What you will do — What is needed is an exact copy of the lines from the start of the records below through the line with "6. 그물 어구의 상사법칙에서", without the pictures.

Content starts

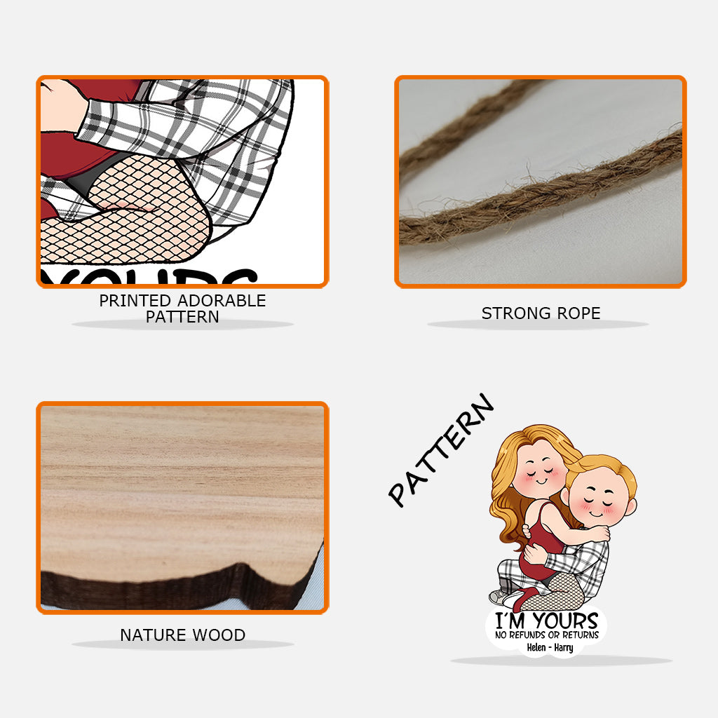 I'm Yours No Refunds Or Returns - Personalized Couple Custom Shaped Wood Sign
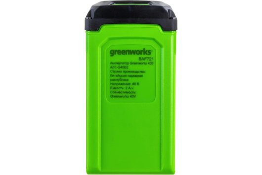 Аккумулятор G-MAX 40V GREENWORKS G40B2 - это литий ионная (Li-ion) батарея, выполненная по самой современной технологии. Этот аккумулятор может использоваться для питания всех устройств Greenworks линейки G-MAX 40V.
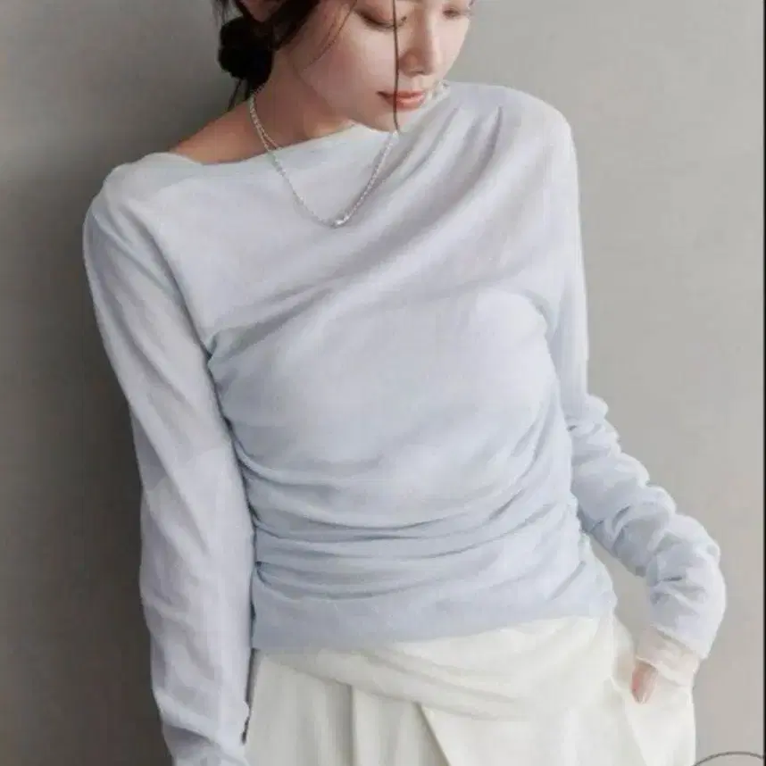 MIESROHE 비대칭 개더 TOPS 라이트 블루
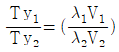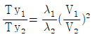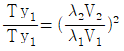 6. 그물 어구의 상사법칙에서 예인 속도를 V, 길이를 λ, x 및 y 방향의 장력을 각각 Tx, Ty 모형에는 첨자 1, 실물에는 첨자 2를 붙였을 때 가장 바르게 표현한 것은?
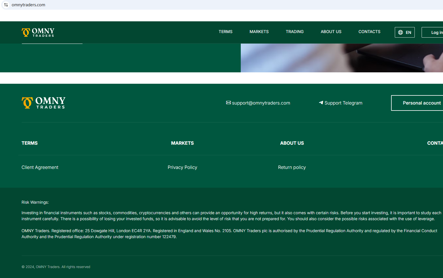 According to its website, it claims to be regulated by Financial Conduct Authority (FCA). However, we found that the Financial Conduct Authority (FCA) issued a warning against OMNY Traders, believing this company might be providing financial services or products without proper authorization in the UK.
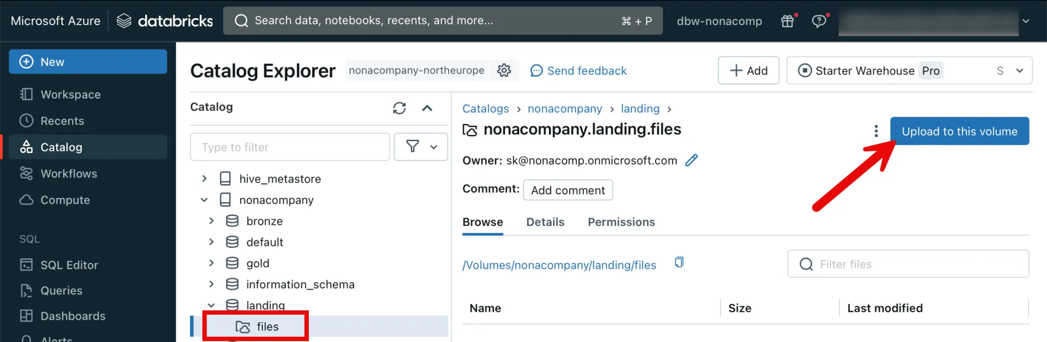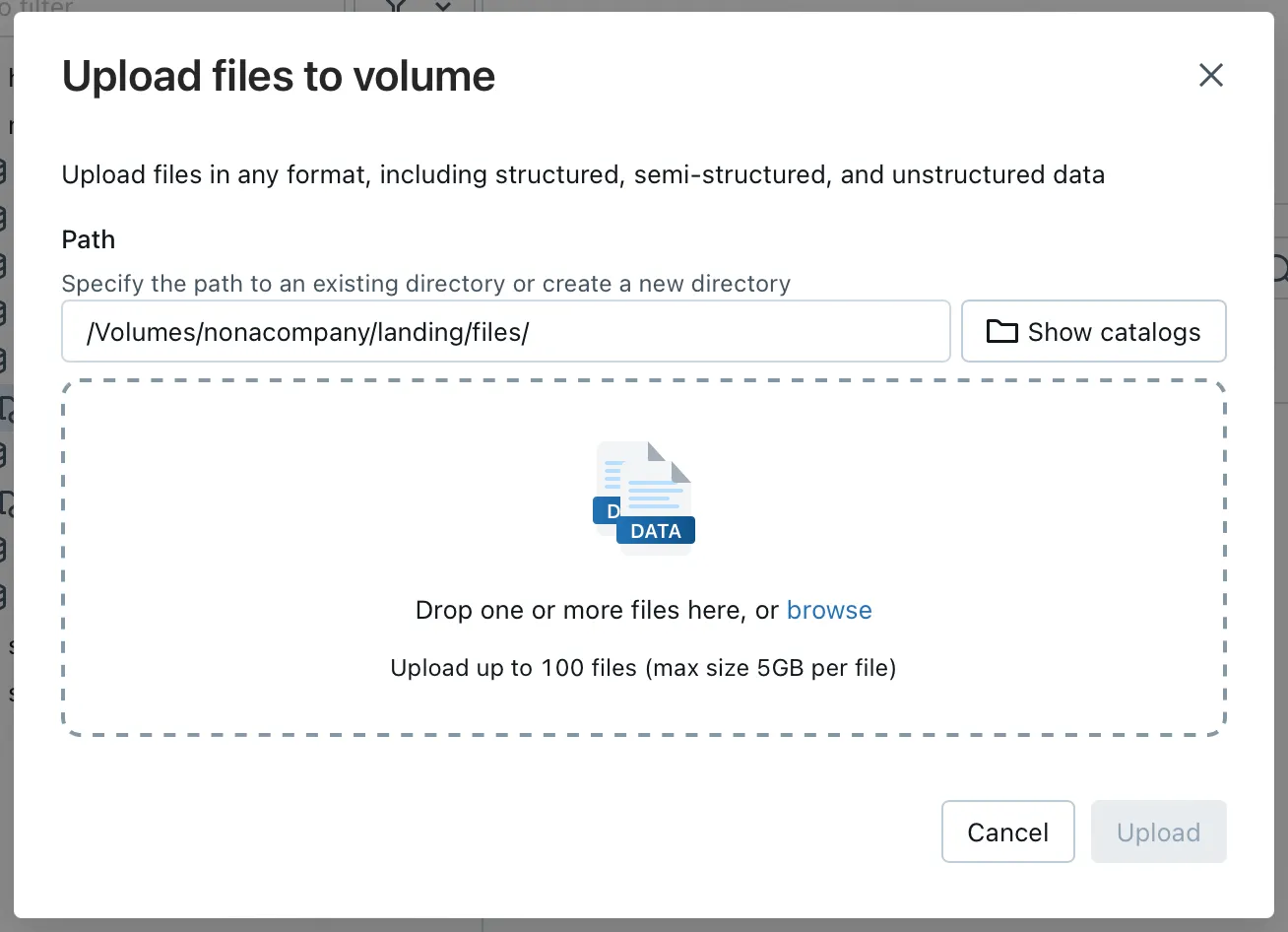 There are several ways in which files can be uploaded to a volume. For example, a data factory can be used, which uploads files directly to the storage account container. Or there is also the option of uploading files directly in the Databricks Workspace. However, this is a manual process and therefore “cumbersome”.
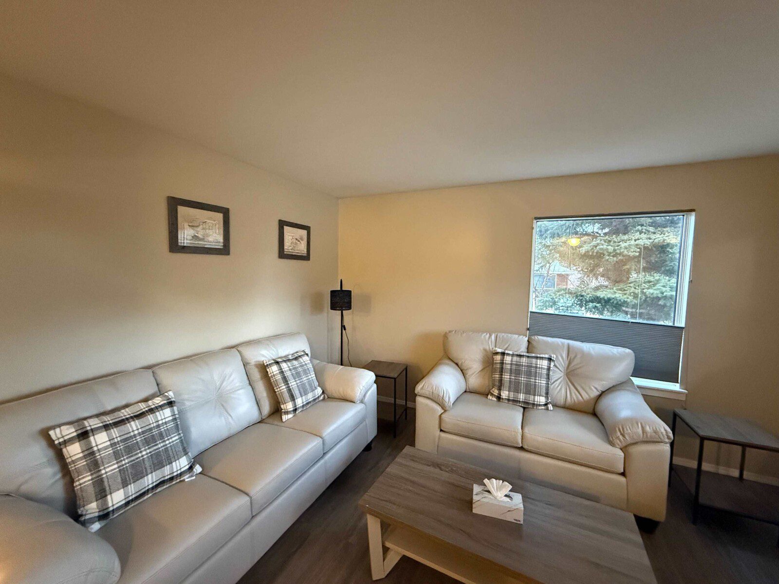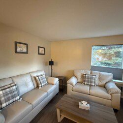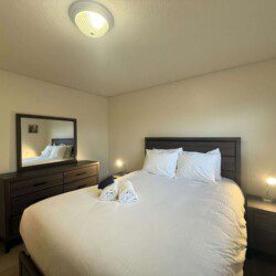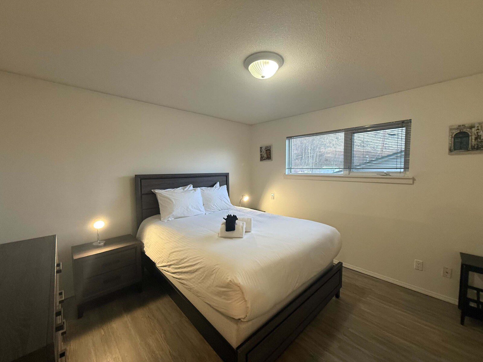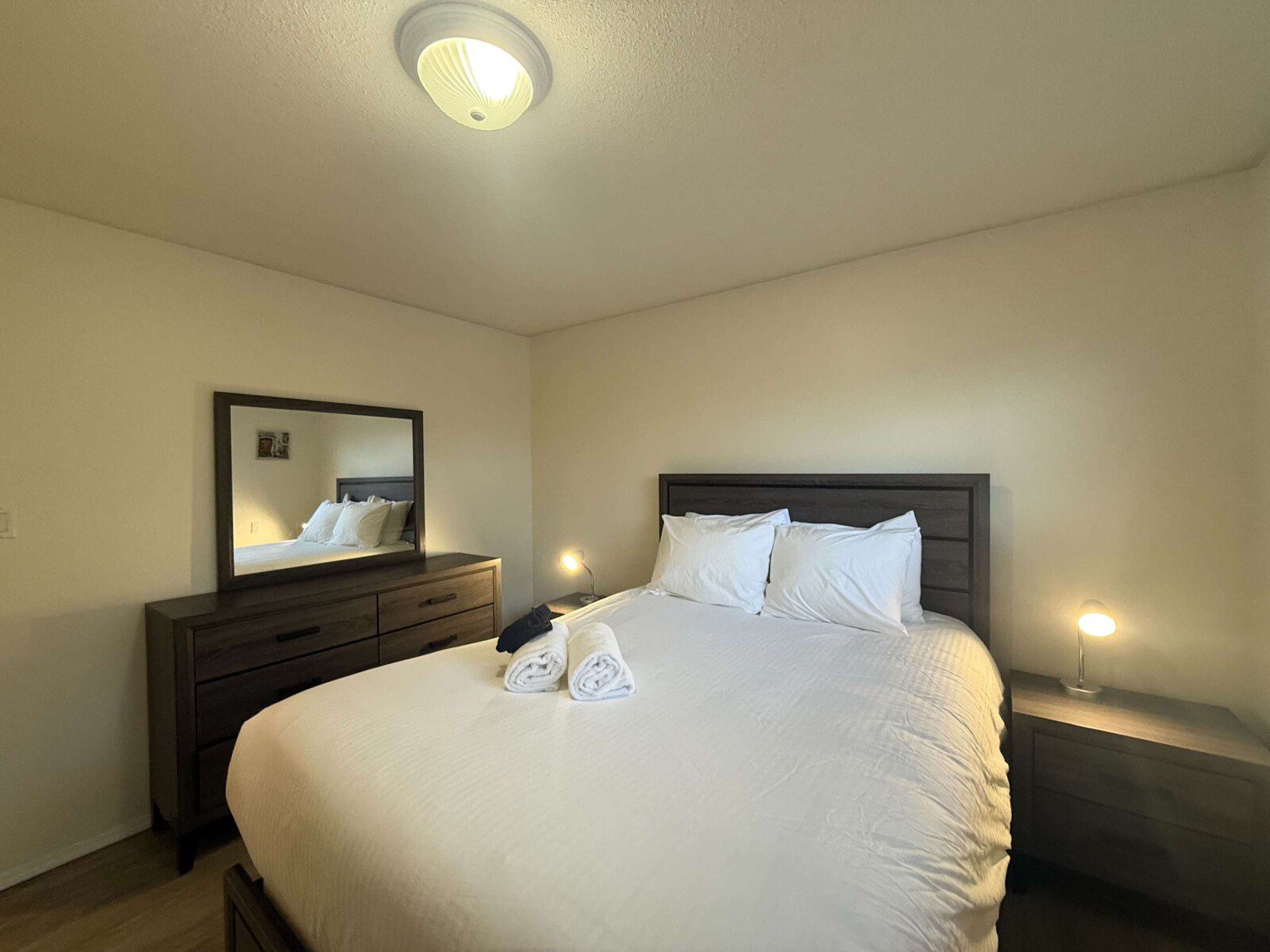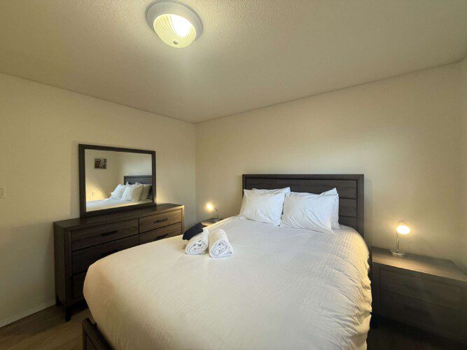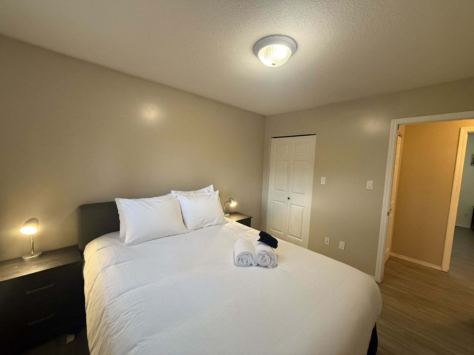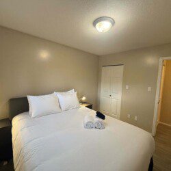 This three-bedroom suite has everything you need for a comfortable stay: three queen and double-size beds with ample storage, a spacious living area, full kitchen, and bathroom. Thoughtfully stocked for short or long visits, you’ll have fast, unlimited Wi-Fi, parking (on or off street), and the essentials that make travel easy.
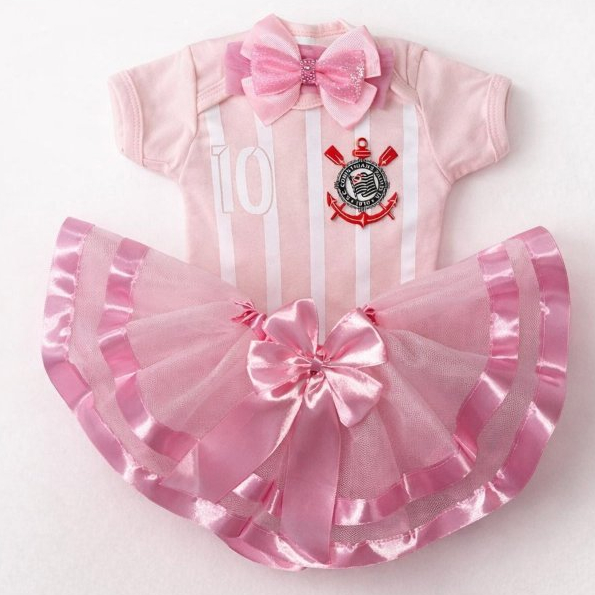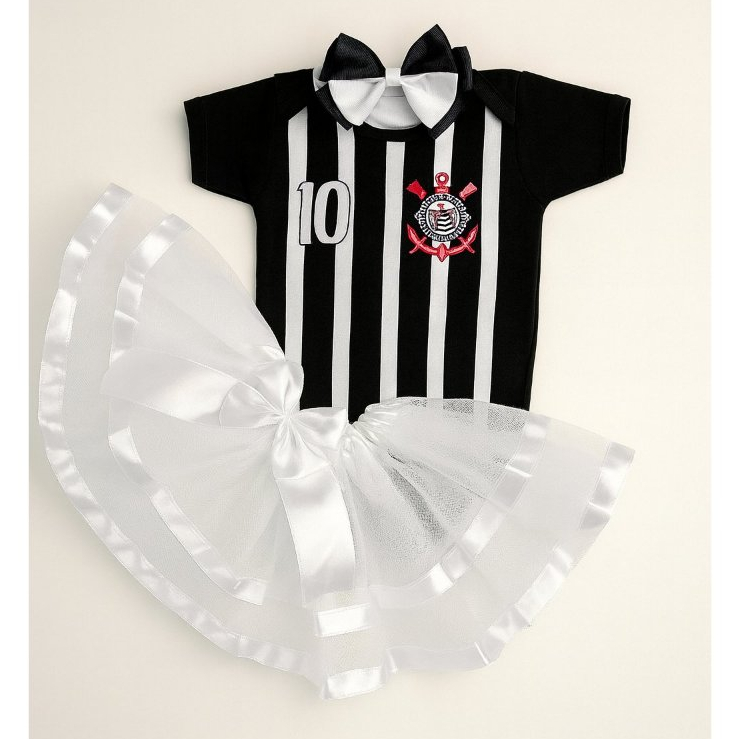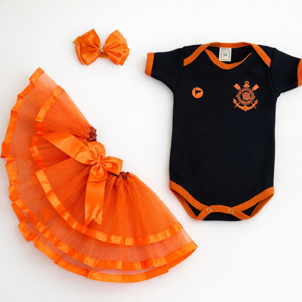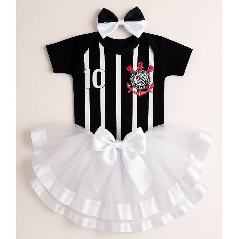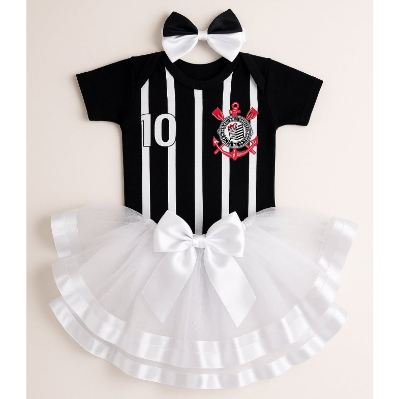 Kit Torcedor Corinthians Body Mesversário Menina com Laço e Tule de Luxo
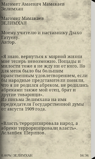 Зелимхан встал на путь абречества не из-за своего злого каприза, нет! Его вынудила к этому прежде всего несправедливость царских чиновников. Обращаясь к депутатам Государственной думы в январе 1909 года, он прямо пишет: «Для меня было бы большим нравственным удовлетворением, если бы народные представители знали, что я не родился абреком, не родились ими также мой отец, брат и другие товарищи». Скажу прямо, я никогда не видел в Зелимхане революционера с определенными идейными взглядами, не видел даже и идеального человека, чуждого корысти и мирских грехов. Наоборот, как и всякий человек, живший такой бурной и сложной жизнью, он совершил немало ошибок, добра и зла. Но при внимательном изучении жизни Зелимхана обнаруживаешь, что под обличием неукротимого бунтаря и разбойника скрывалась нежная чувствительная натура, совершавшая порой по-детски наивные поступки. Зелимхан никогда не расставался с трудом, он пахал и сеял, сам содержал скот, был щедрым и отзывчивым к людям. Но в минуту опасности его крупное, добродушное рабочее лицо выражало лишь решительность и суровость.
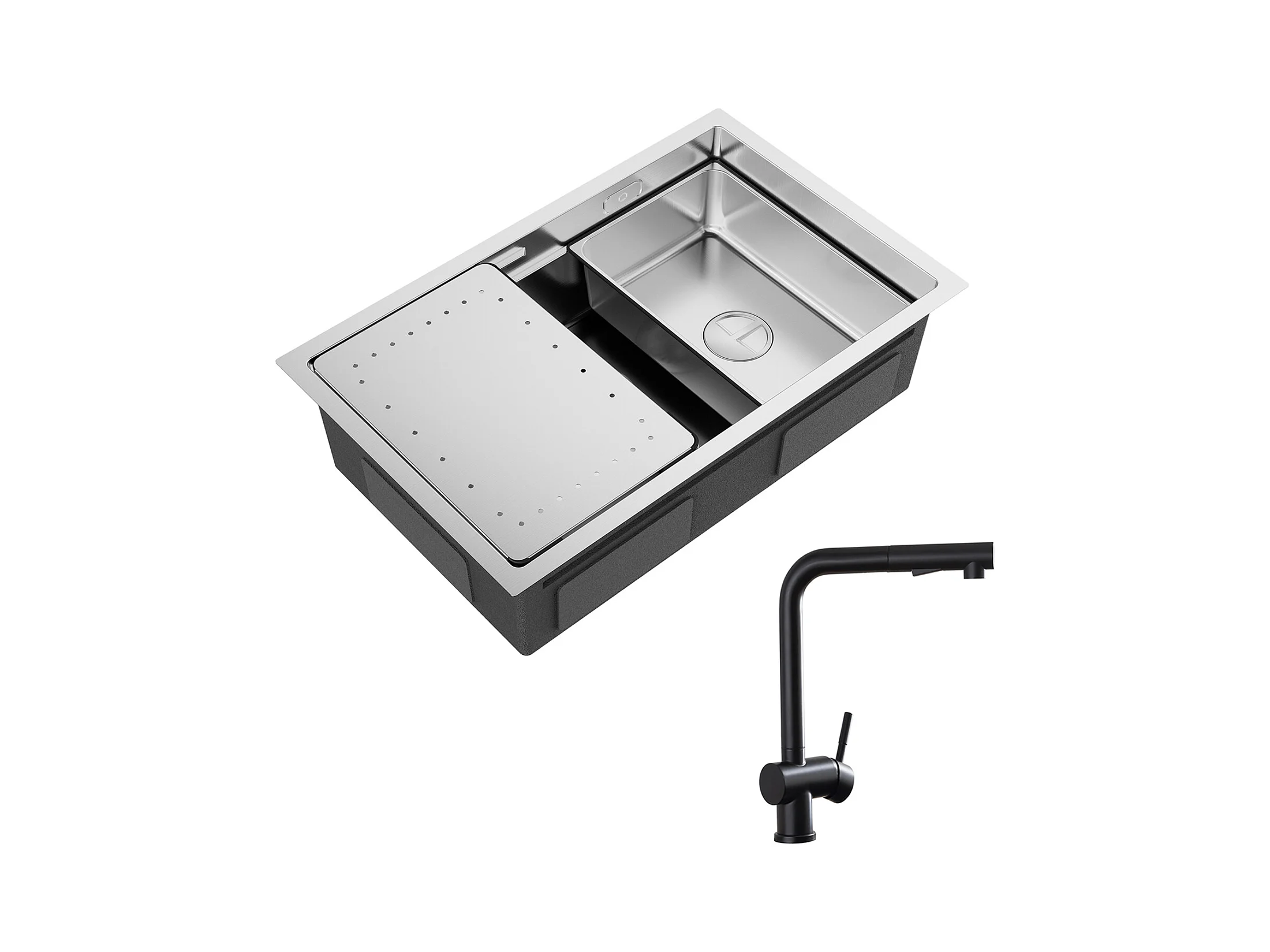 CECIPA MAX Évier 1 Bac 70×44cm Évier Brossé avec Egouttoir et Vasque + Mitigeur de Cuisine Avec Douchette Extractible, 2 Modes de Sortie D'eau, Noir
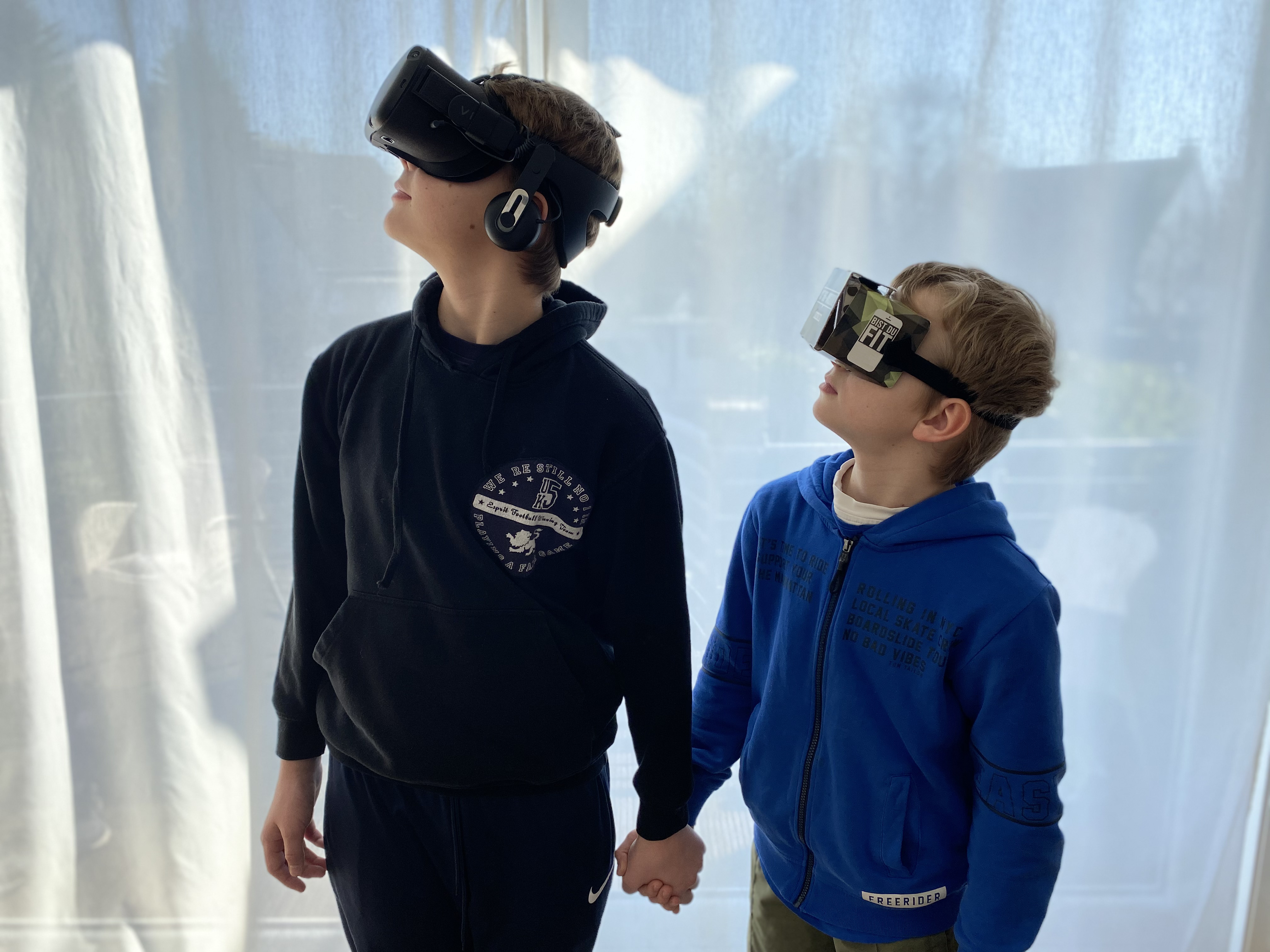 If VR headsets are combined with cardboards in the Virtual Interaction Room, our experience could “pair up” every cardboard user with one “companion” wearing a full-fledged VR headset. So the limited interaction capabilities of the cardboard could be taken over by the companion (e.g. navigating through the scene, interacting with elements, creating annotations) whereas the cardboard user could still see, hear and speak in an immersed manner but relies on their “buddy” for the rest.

Content ends

The answer —
 I'm Yours No Refunds Or Returns - Personalized Couple Custom Shaped Wood Sign
 Аккумулятор G-MAX 40V GREENWORKS G40B2 - это литий ионная (Li-ion) батарея, выполненная по самой современной технологии. Этот аккумулятор может использоваться для питания всех устройств Greenworks линейки G-MAX 40V.
 MIESROHE 비대칭 개더 TOPS 라이트 블루
 6. 그물 어구의 상사법칙에서 예인 속도를 V, 길이를 λ, x 및 y 방향의 장력을 각각 Tx, Ty 모형에는 첨자 1, 실물에는 첨자 2를 붙였을 때 가장 바르게 표현한 것은?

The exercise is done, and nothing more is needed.